Considering the role of miRNAs in regulating gene expression, it can be presumed that somatic mutations may affect numerous cellular processes through changes in miRNA functionality. Somatic mutations in miRNA genes may manifest as aberrations in miRNA:target interactions induced predominantly by mutations in the miRNA guide strand sequence, especially but not exclusively in the seed region (67), or as aberrations in miRNA biogenesis caused either by mutations in essential regulatory motifs or mutations affecting miRNA precursor structure. Somatic mutations in miRNA genes may, therefore, cripple or enhance their silencing properties or create new miRNAs, i.e., miRNAs recognizing new targets. Thus, the accumulation of somatically acquired gain- or loss-of-function mutations in a specific miRNA gene may benefit cancer development and progression.

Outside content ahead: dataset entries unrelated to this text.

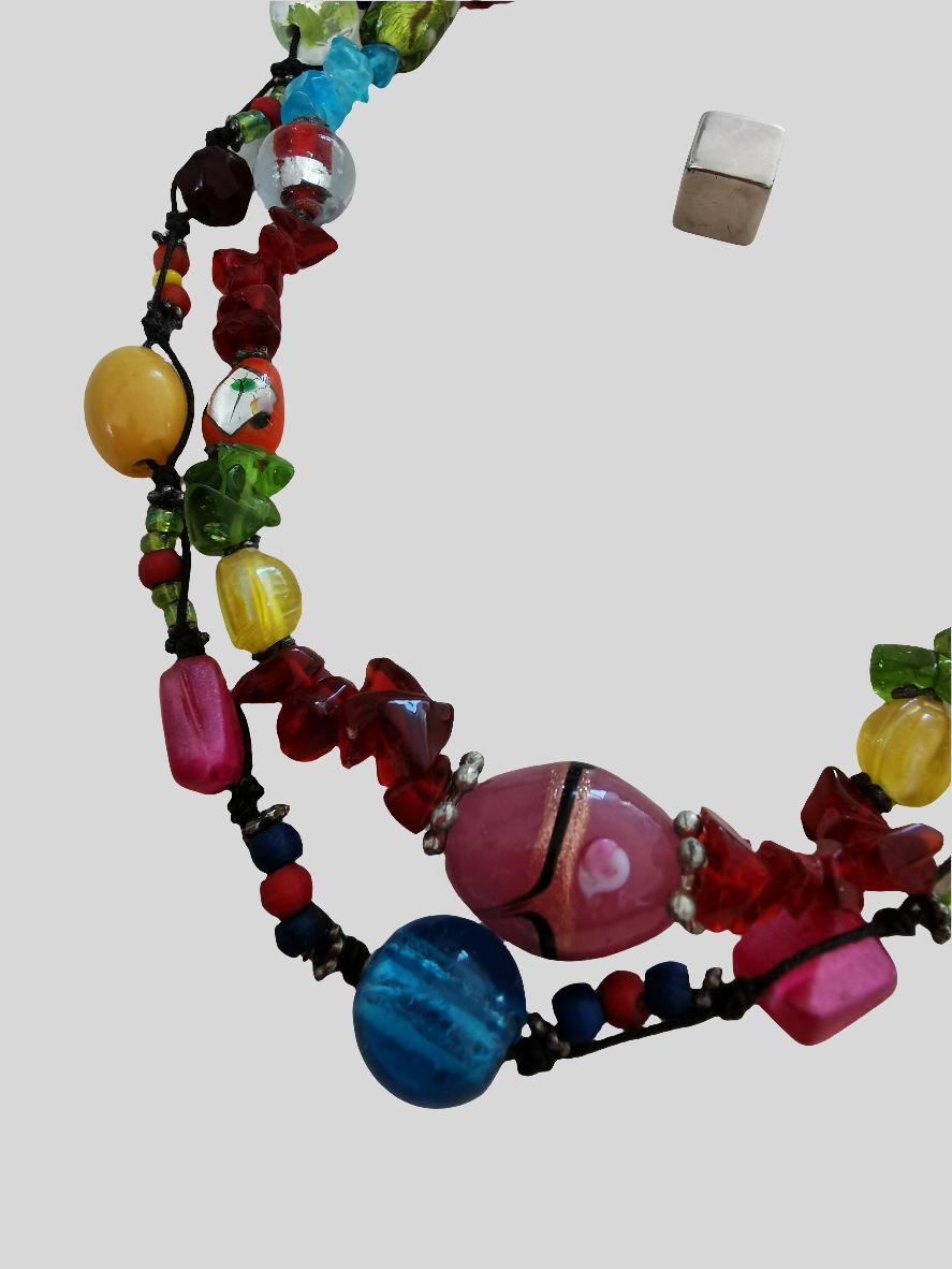 Farverig halskæde med plastikkugler og karabinhagelukning.
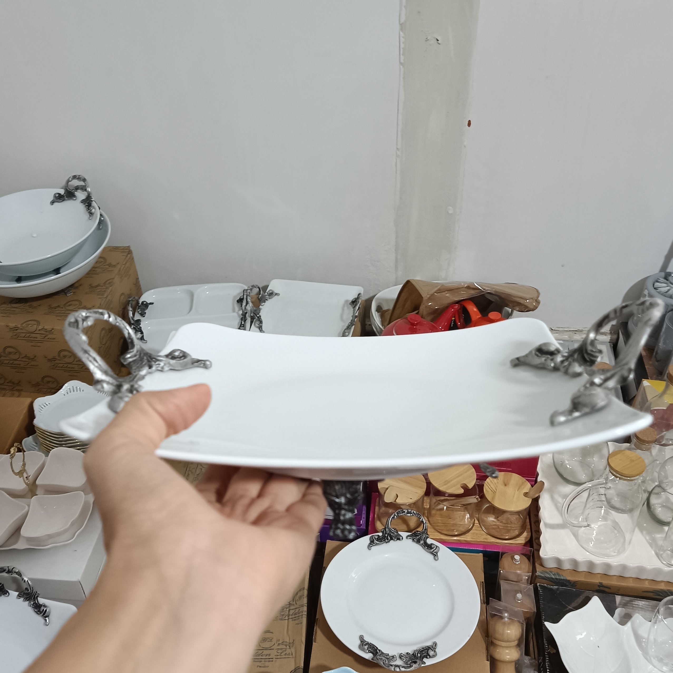 تخت میباشد مناسب انواع شیرینی ها دسته و پایه از جنس پیوتر جهت پذیرایی در مهمانی ها
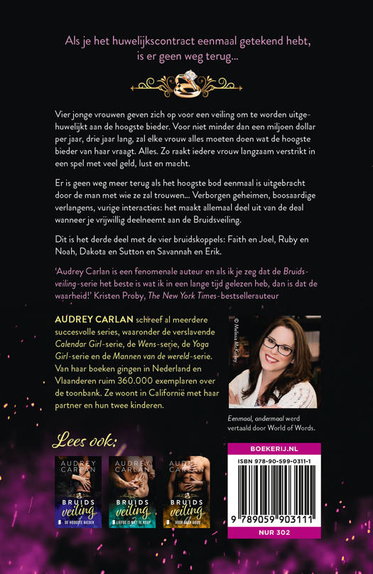 ‘Audrey is een fenomenale auteur, een van mijn favoriete personen en als ik je zeg dat de Bruidsveiling-serie het beste is wat ik in een lange tijd gelezen heb, dan is dat de waarheid!’ The New York Times-bestsellerauteur Kristen Proby
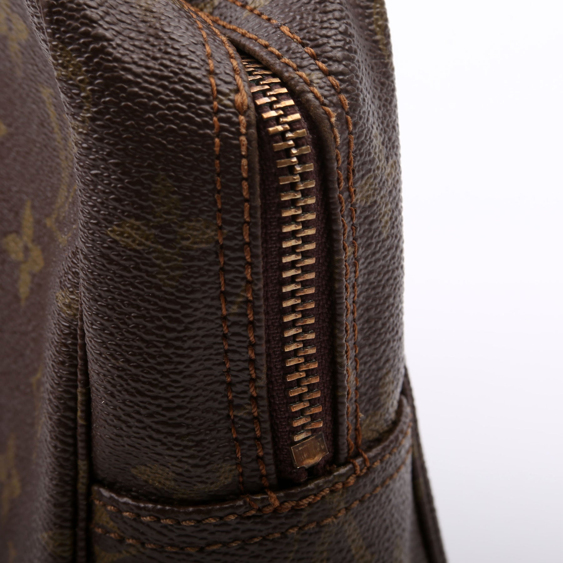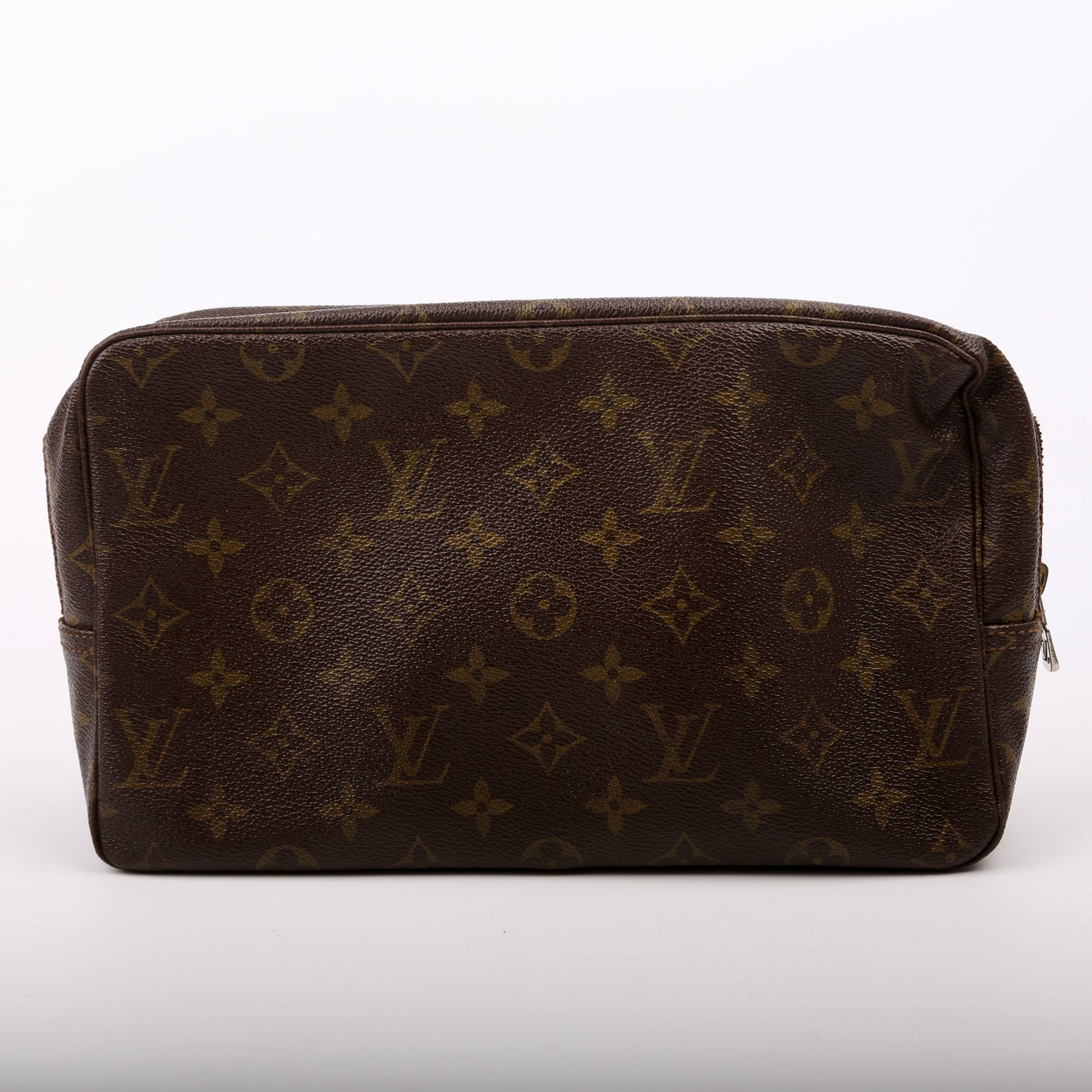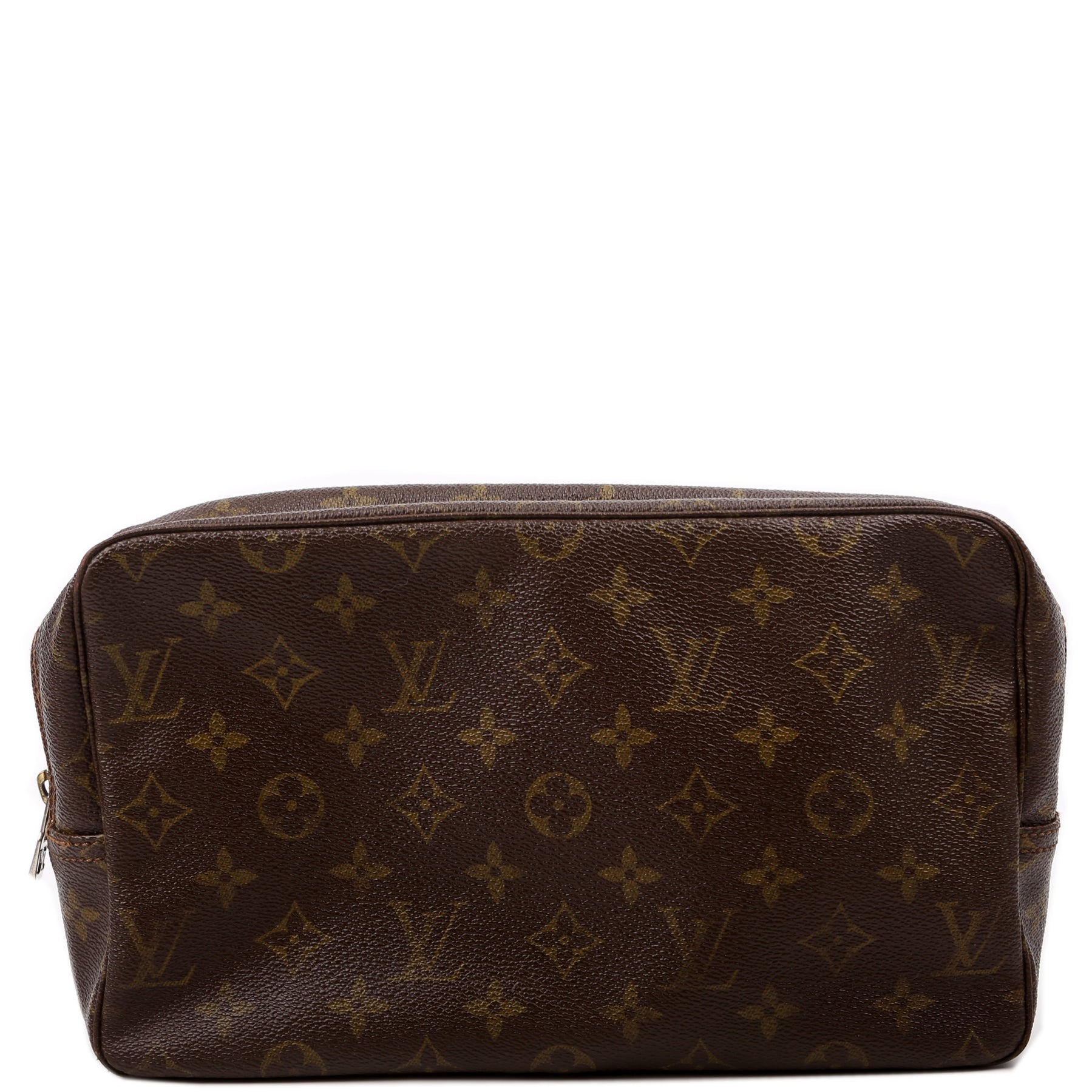 This pre-owned Louis Vuitton Trousse Toilette 28 is guaranteed 100% authentic. The exterior is in the classic Louis Vuitton Monogram coated canvas.

In this study, we detected 1091 mutations in 521 miRNA genes (Figure 1A) and showed that approximately 50% of the analyzed cancers had at least one mutation in at least one miRNA gene. Our results show that such mutations are generally spread throughout the genome, even though some chromosomes were overmutated (Chr14 and Chr19) or undermutated (Chr1 and Chr2). To better understand the potential function of the identified mutations, we characterized them with respect to localization in different subregions of miRNA precursors, influence on miRNA precursor secondary and tertiary structures, impact on sequence motifs bound by different proteins that participate in miRNA maturation and changes in mature miRNA:target interactions.
Our analysis identified well-recognized suppressormiRs or oncomiRs among the miRNA genes with somatic mutations. Examples of the mutated suppressormiR genes may be the Let-7a-2, let-7c, and let-7e genes belonging to the let-7 family, known to have tumor suppressor function by repressing cell proliferation and regulating the cell cycle (68) and the miR-205 gene, which inhibits cancer progression by suppressing EMT and accelerates cancer development by facilitating tumor initiation and proliferation (69,70). The same n.35C>T mutation in the miR-205 seed sequence was observed in two samples in our studies (Figure 3 and Supplementary Figure S3B). Mutations were also found in genes encoding known oncomiRs, such as the miR-21, miR-155 genes and in the genes (miR-17, miR-18a, miR-20a, R19b-1, and miR-92a-1) belonging to the miR-17-92 cluster, also known as OncomiR-1 (71) (Supplementary Table S2). Finally, mutations were also detected in the miR-143 gene, which encodes the most abundantly expressed miRNA (accounting for ∼30% of all expressed miRNAs) and, next to miR-21, contribute to the greatest changes (decreases) in miRNA levels in most cancer types (72).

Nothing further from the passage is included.